Data mining, in which the data that has been breached is analyzed for the purpose of providing notice to affected individuals and organizations, has become one of the most complex activities and a large expense of a cybersecurity incident.   Yet, the cybersecurity industry has not promulgated formal standards for repeatable and defensible methods and workflows that breach counsel and data mining providers should follow for data mining. While there are general best practices and industry guidance (e.g., from the National Institute of Standards and  Technology), these do not directly prescribe standardized workflows for data mining in breach notification contexts. Consequently, different vendors and breach counsel may take different approaches, creating inconsistency.  This has resulted in costs, burdens, and risks for organizations that must engage in data mining for breach notification, as well as for their counsel, insurers, and other parties affected by breaches.

A data mining workflow in cybersecurity incident response should include the following five stages and be repeatable, reproducible, and subject to audit trails.

  • Data identification.  This includes forensic techniques for potentially exfiltrated sources, preservation, and processing using generally accepted industry standard tools. In this stage, breach counsel and the data mining provider build a data map using the PII/PHI that has been identified to show the organization where its sensitive data may be located.  The data map is used to enrich data that is extracted from the compromised dataset and helps the organization organize and secure its data going forward to reduce the possibility of future breaches.
  • Data filtering and de-duplication.

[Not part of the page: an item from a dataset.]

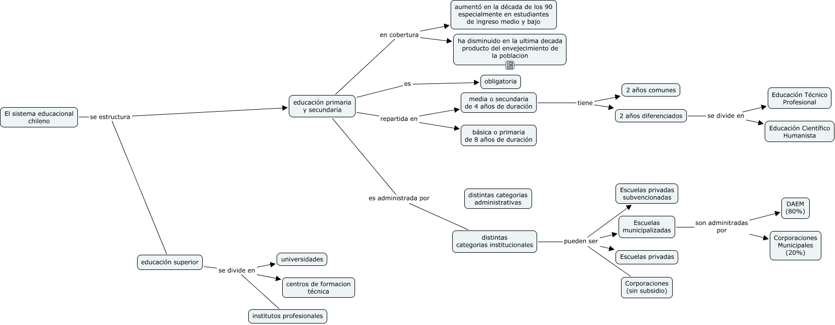 Este Cmap, tiene información relacionada con: Estructura Educacion Chilena, media o secundaria de 4 años de duración tiene 2 años comunes, Escuelas municipalizadas son adminitradas por Corporaciones Municipales (20%), El sistema educacional chileno se estructura educación primaria y secundaria, distintas categorias institucionales pueden ser Escuelas privadas, educación primaria y secundaria es obligatoria, distintas categorias institucionales pueden ser Escuelas municipalizadas, educación primaria y secundaria repartida en básica o primaria de 8 años de duración, educación primaria y secundaria en cobertura ha disminuido en la ultima decada producto del envejecimiento de la poblacion, educación primaria y secundaria repartida en media o secundaria de 4 años de duración, educación superior se divide en institutos profesionales, educación primaria y secundaria es administrada por distintas categorias institucionales, educación superior se divide en universidades, distintas categorias institucionales pueden ser Escuelas privadas subvencionadas, Escuelas municipalizadas son adminitradas por DAEM (80%), educación primaria y secundaria en cobertura aumentó en la década de los 90 especialmente en estudiantes de ingreso medio y bajo, 2 años diferenciados se divide en Educación Técnico Profesional, educación superior se divide en centros de formacion técnica, El sistema educacional chileno se estructura educación superior, distintas categorias institucionales pueden ser Corporaciones (sin subsidio), media o secundaria de 4 años de duración tiene 2 años diferenciados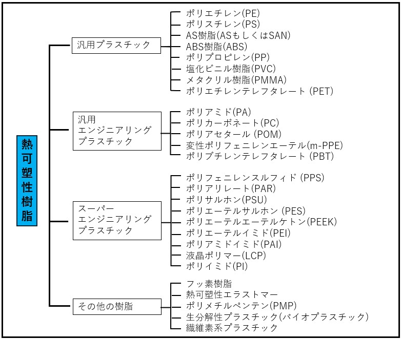 一方、熱可塑性樹脂は、熱をかけると軟化し流動し始めるので、金型で形をつくってから冷却します。 これを再び加熱するとまた軟化・流動します。このように加熱・冷却に対して可逆性があります。 ②汎用プラスチックとエンジニアリングプラスチック

This includes analyzing family members and items, threading email chains to identify the most inclusive emails in chains, textual near duplicate analysis, domain and email analysis for the identification of mass and junk emails, and file name and file type assessments.  Definition and targeting of PII/PHI occurs at this stage, including search term calibration and sampling, as well as the development of a review and extraction protocol.  Machine learning tools are utilized to identify and report on the volume and characteristics of PII/PHI, which goes beyond simply searching for names and allows the computer to construct a model or profile of individual entities.  This helps breach counsel and the data mining provider to combine names (confirming that a person’s title and a person’s name both refer to that person) and differentiate people (confirming that two references to a name refer to two different individuals).
  • Data review and extraction.  This involves the training and calibration of the review team to ensure consistency and accuracy in identifying sensitive information. The team conducts a detailed review of the compromised data to extract Data Subjects and any associated PII or PHI. Emerging artificial intelligence and machine learning technologies are increasingly being integrated into this phase to assist in identifying patterns, accelerating document review, and improving extraction accuracy.
  • Quality control.  This includes vetting of the accuracy of AI or search term workflows prior, during, and after human review, using well-established statistical sampling methods such as recall and precision of search terms.
  • Data normalization and deduplication.  This includes standardizing names and other extracted data elements, followed by a deduplication process to ensure that each affected individual is represented only once. The result is a concise and accurate list, enabling a single notification letter to be mailed to each person.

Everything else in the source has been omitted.